We learned about things to write with, and things to write on, and even the mediums used such as impressing marks in clay or wax, painting on rice paper with different brushes and inks, or perhaps a reed pen on papyrus, and all the ways pens and inks have evolved. Some in the class even made their own quill pens and inks. Here is a how to link from Youtube with lots of fun pictures of real old stuff .

We began with some fairly modern 'hands,' or 'scripts' as they are known, and are working our way back in time. Week by week we study the many different ways people learn to write.


It was easy to recognize Palmer and Spencerian scripts. These hands are fairly familiar to us in our time, and even when we tell someone their writing looks like "chicken scratching" we can usually make out some sense of what they wrote.

Famous examples of the flourished Spencerian Script are the Ford and CocaCola logos.

Copperplate Roundhand
 Next we learned Copperplate-Roundhand. That was more intense and required some attention to detail. Most difficult is to be presented with images of various hands and need to identify them by only looking at them, and define them, and state the years they were used - yes, stressful but fun, nevertheless. I still must look very carefully to discern the difference between such hands.

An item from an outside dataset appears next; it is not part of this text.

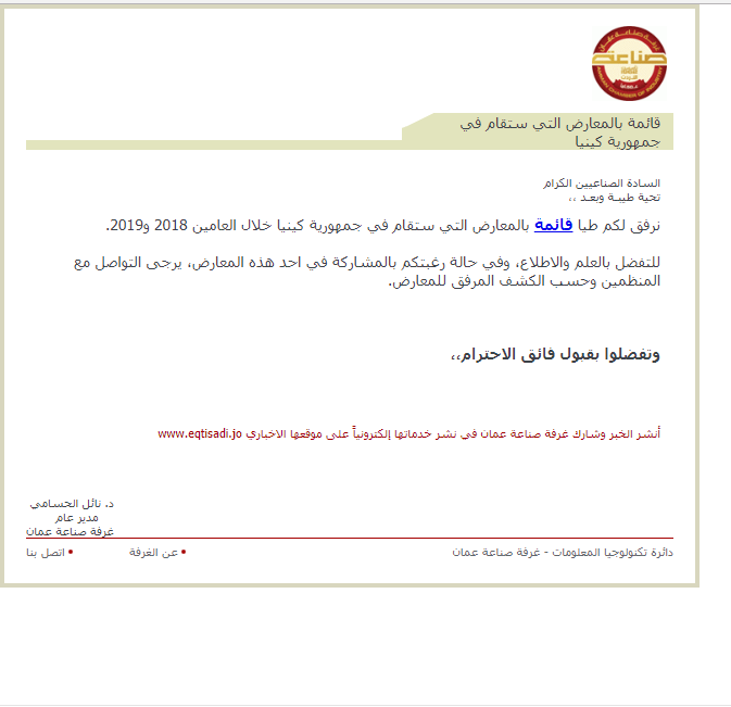للتفضل بالعلم والاطلاع، وفي حالة رغبتكم بالمشاركة في احد هذه المعارض، يرجى التواصل مع المنظمين وحسب الكشف المرفق للمعارض.

Our lessons have many hints about how to write each script, provide alphabets, and lined practice sheets like I used in elementary school.

The hints are generally of the following nature: "A fast way to learn copperplate script is to write the capital and lower case letters one hundred times each with a ball-point pen. Once that is done, you should have each letter imprinted into your brain, hand and eye; then you may find it easier to use a quill or flexible steel nib when you begin emphasizing the downstrokes by slight pressure increase" (because the main way to tell Spencerain and Copperplate apart is the heavier, wider down stroke in Copperplate).

Did I write letters EACH 100 times?
Are you kidding me?
I did one line each, game over!

Secretary Hand


We moved on to a variety of scripts and I actually enjoyed Secretary Hand (above). Great-Grandpa Henry Bohne wrote in a similar hand and Aunt LuRay, his daughter, taught me how to read it.

The class as a whole complained a bit. It is a difficult script for many to learn. The National Archives Paleography website has wonderful and fun tutorials and we get to spend time 'playing' there. I thought it was great fun to read some of an English Queen's personal correspondence.

My best 'Court Hand' practice sheets - as submitted.

Then we moved on to Italic and Court Hands.  I swear half of the letters in Court Hand look like the letter b or B.  Random Latin had been fun but suddenly it was in every record along with Roman numerals, Regnal year dates, and Julian versus Gregorian calendars, not to mention Feast Day Calendars. Did you know that 1752 was the shortest year because it is missing 72 days? True fact!  1 Jan 1752 - 24 March 1752, and then 2 Sept - 13 Sept 1752 never existed!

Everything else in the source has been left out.